Among the other options being explored are twin hourly rates, with a winning case paid at one amount and an unsuccessful representation resulting in a pre-agreed fraction of that amount.
According to the survey, 45% (43% in UK) of respondents have used or have considered using an inflexible fixed fee, 76% (81% in UK) for fixed fee with changes agreed in the event of unforeseen circumstances, and 26% (41% in UK) for conditional fees.
Every single respondent said that they would consider a fixed fee for disputes advice.
The focus on costs for corporate entities is a significant factor in the move away from hourly rates. The research found that in-house lawyers place upmost importance on accurate forecasting as their single biggest problem with hourly rates is an unpredictable budget if a case drags on.
Budgetary certainty was an important consideration for 90% of respondents when managing a legal dispute – 78% for UK-only respondents.
The research also looked at how companies resourced legal work. It found that just 1% use in-house lawyers only, with 59% using mostly in-house with some outsourcing, 29% evenly split, 5% mostly outsourcing and 6% outsourcing only.
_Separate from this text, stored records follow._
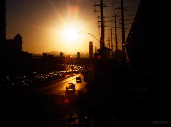 SEPTEMBER 2003 – Sunset over W Flamingo Road in Las Vegas, Nevada. Photo © Mark Zanzig/zanzig.com
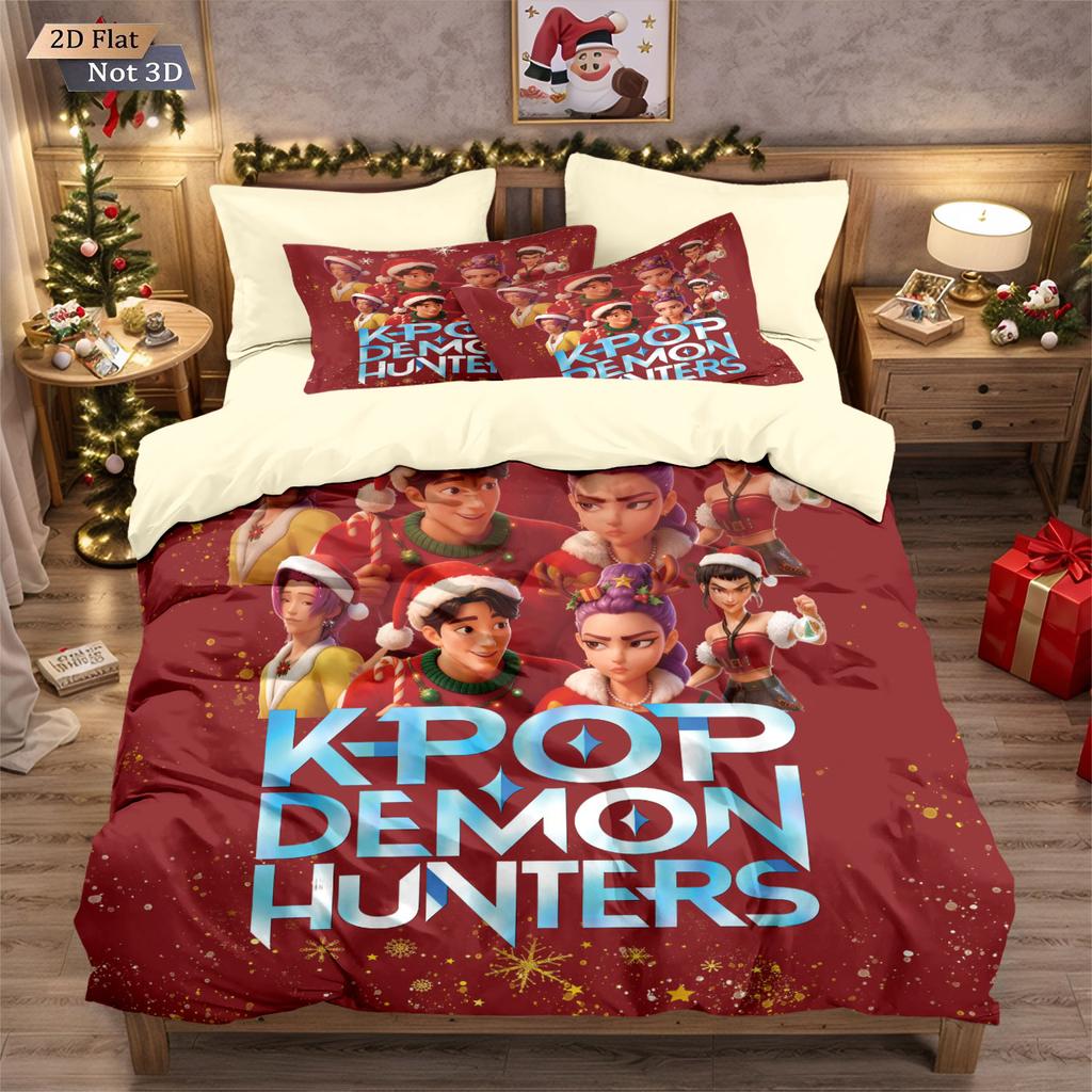 3pcs K-Pop Demon Hunters printed coreless down comforter set multi size bedroom bedding decoration soft and machine washable
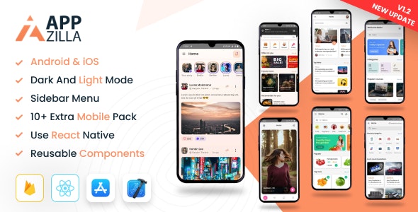AppZilla v1.3 Nulled – Mobile React Native UI KIT Elements Andriod + iOS
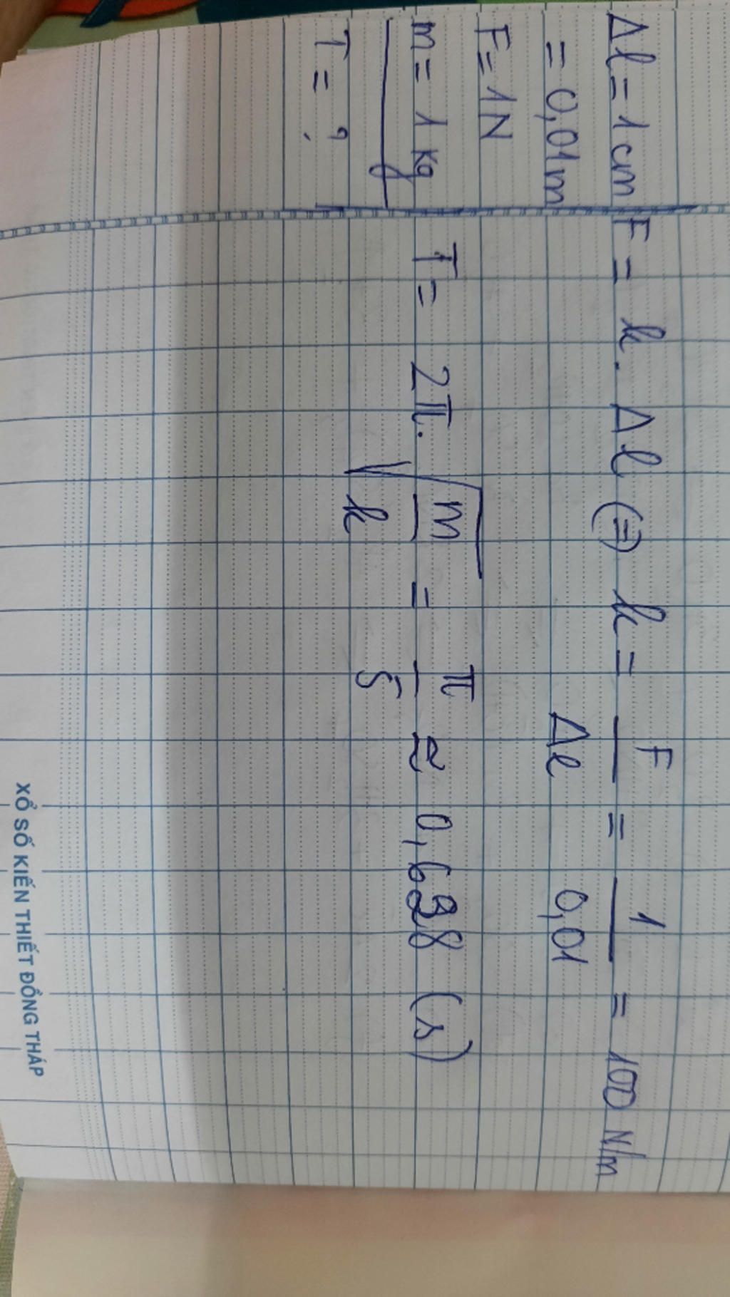 \(k = \dfrac{F}{{\Delta l}} = \dfrac{1}{{0,01}} = 100\left( {N/m} \right)\)
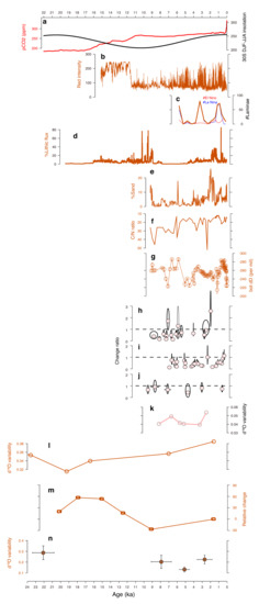 Sadekov et al. [30] also investigated total variance in specimens of subsurface-dwelling N. dutertrei in the eastern equatorial Pacific at intervals of the modern (1.6 ka), the early Holocene (9.1 ka), deglaciation (12.5, 15.1 and 17.9 ka) and the Last Glacial Maximum (20.7 ka) (Figure 3m). ENSO variability was found to be ~20% higher than the modern-day during the LGM and increased significantly during early deglaciation (for example, at 17.9 and 15.1 ka interval). It then declined, reaching levels close to modern at 12.5 ka, lowest in the early Holocene (~27% lower than modern level at 9.1 ka).
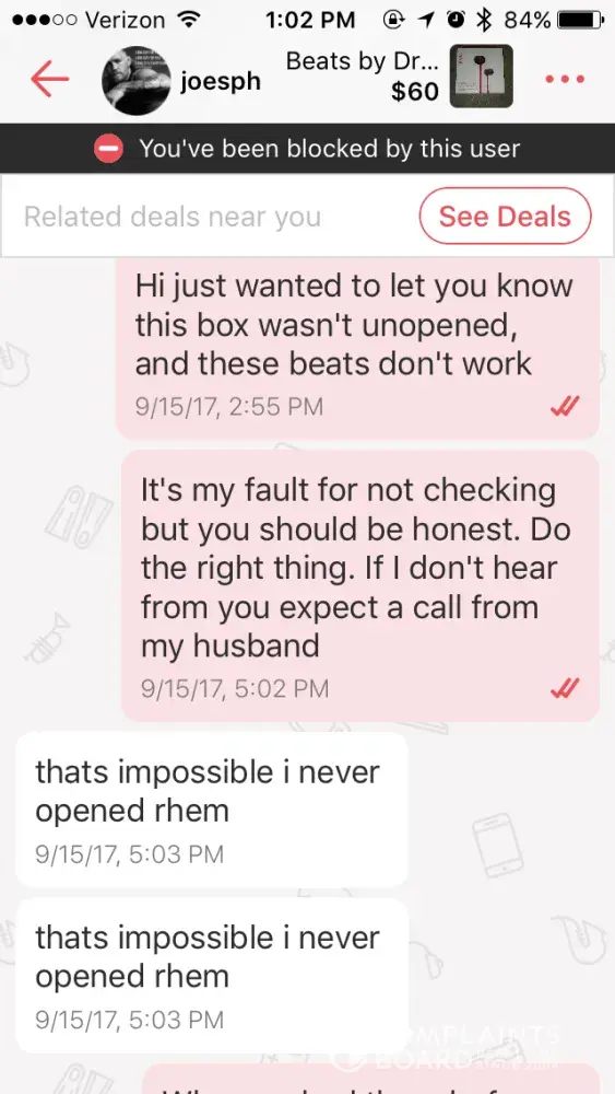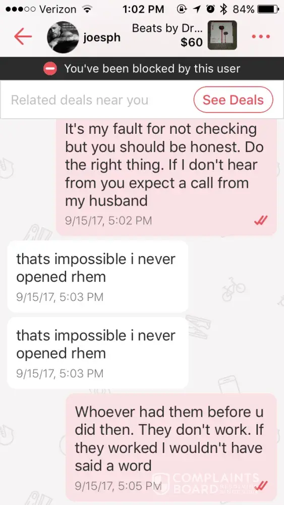 I sold a ps4 and he offered a check that looked real told me it was legit showed me proof of address and when i went to cash in the check the next day they told me that his account had been deactivated! I called him and he didnt answer and then after i called i get a notification on Letgo that he has blocked me and bad reviewed me! He doesnt answer and wont get back to me!
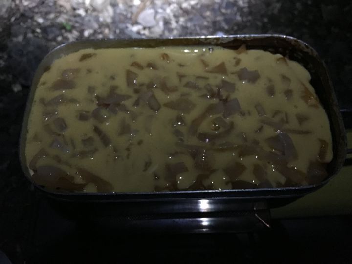 〆はメスティンで作る「いきなりオムライス」です。
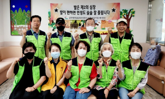 공무원연금공단(이사장 황서종, 이하 ‘공단’) 부산지부 소속 사천상록건강지압봉사단은 사회적 거리두기 해제에 따라 사천시에서 운영하는 노인주간보호센터인 ‘사랑원’에서 건강지압봉사활동을 24일 재개했다.

Of those that outsource, the vast majority (86%) use multiple firms based on experience. But the report also found that the tendering process was also aimed at driving down price.
Scott Pugh, principal in-house solicitor at Sport England, said tendering is a healthy way of finding the right advice at a competitive price.
He said: “I use two firms, both of which have particular strengths. Each individual piece of work might suit one team better than the other, in which case I will make a call on which firm to choose. But there are also times when either firm would do the job well, so I might then call in a quote from both firms. For us it works well – and I think modern law firms expect to be able to make a competitive cost argument as a matter of course.”
The report concluded that although the hourly rate model is “not broken”, it works best as part of a “menu of options” – and that firms should be prepared to offer alternative billing arrangements by looking closely at fixed fees or fee capping.
However, it warned clients not to see new models solely as an opportunity to drive down price – as fixed fees may actually carry a premium to compensate for the extra risk taken on by the law firm.